-- EXERCISE DIRECTIONS --
For this exercise, return only the lines in the records below from the one holding "Jason Natural Biotina" through the one holding "Ingredients: Magnesium (Magnesium", including both, exactly as they appear and without pictures.

-- ENTRIES PROVIDED --
■ ■ ■ ■ ■ ■ ■

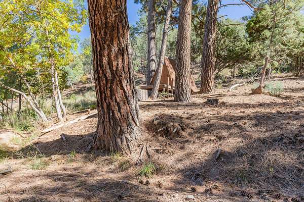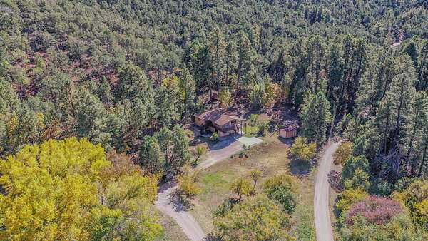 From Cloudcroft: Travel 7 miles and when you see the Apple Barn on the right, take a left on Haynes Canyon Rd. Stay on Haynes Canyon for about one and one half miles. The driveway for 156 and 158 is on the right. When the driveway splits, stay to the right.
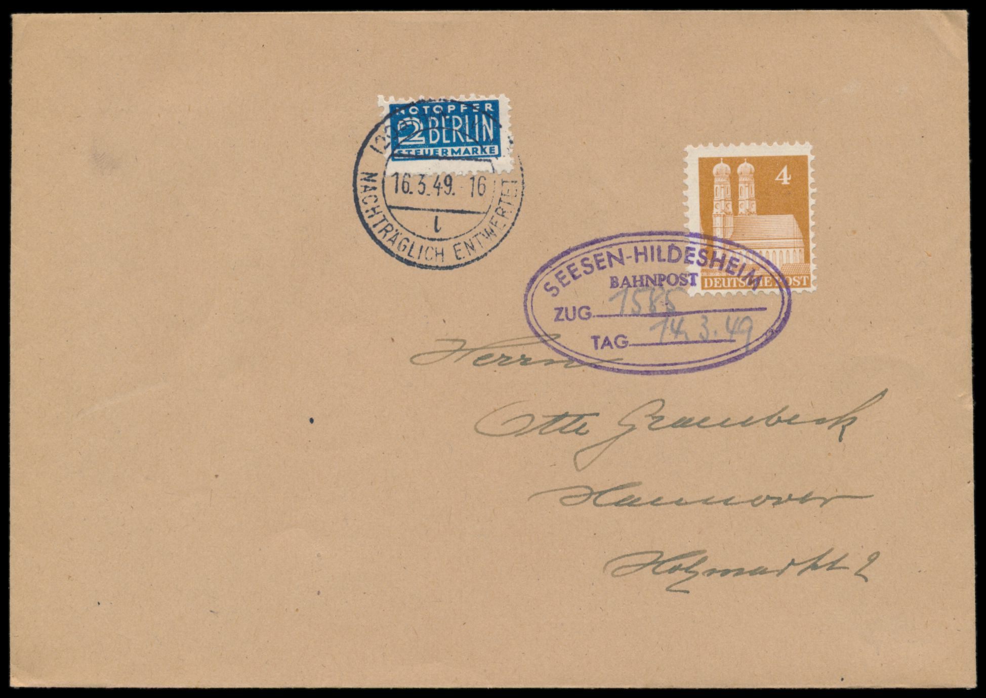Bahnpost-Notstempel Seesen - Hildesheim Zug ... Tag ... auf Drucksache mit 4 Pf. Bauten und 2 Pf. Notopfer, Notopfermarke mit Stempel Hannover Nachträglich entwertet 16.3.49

■ ■ ■ ■ ■ ■ ■

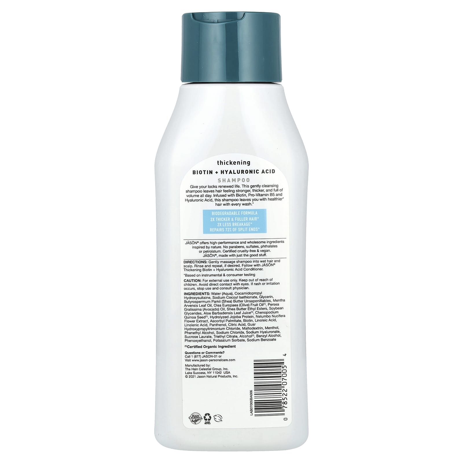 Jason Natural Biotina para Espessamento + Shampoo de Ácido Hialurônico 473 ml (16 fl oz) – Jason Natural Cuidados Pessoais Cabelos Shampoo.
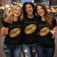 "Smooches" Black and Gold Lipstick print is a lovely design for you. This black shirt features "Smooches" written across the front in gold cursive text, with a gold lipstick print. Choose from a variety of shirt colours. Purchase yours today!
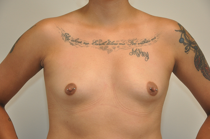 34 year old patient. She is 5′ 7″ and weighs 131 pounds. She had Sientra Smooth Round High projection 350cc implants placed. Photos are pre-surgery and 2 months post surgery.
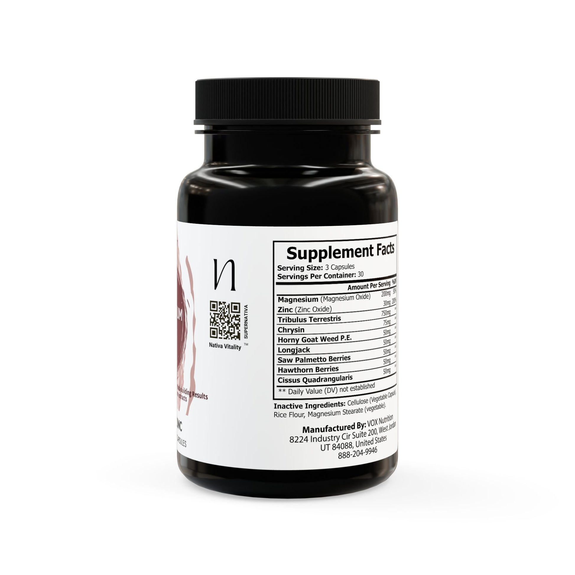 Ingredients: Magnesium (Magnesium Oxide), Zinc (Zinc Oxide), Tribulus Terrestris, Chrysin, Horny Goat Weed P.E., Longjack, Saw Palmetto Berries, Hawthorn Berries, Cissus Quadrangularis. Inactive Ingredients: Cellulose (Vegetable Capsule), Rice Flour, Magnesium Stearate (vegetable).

■ ■ ■ ■ ■ ■ ■

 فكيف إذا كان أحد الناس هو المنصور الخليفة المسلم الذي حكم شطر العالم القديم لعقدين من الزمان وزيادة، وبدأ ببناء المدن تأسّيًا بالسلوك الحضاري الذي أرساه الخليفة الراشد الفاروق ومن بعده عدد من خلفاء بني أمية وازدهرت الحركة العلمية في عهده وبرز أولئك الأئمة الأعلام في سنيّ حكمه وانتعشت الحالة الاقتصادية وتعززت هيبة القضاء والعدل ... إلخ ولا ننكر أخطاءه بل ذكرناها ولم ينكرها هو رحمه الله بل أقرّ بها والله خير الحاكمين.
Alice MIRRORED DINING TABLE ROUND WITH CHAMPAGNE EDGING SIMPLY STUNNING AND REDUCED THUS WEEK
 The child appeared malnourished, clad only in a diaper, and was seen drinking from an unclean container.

■ ■ ■ ■ ■ ■ ■

-- ANSWER FOR THIS EXERCISE --
 Jason Natural Biotina para Espessamento + Shampoo de Ácido Hialurônico 473 ml (16 fl oz) – Jason Natural Cuidados Pessoais Cabelos Shampoo.
 "Smooches" Black and Gold Lipstick print is a lovely design for you. This black shirt features "Smooches" written across the front in gold cursive text, with a gold lipstick print. Choose from a variety of shirt colours. Purchase yours today!
 34 year old patient. She is 5′ 7″ and weighs 131 pounds. She had Sientra Smooth Round High projection 350cc implants placed. Photos are pre-surgery and 2 months post surgery.
 Ingredients: Magnesium (Magnesium Oxide), Zinc (Zinc Oxide), Tribulus Terrestris, Chrysin, Horny Goat Weed P.E., Longjack, Saw Palmetto Berries, Hawthorn Berries, Cissus Quadrangularis. Inactive Ingredients: Cellulose (Vegetable Capsule), Rice Flour, Magnesium Stearate (vegetable).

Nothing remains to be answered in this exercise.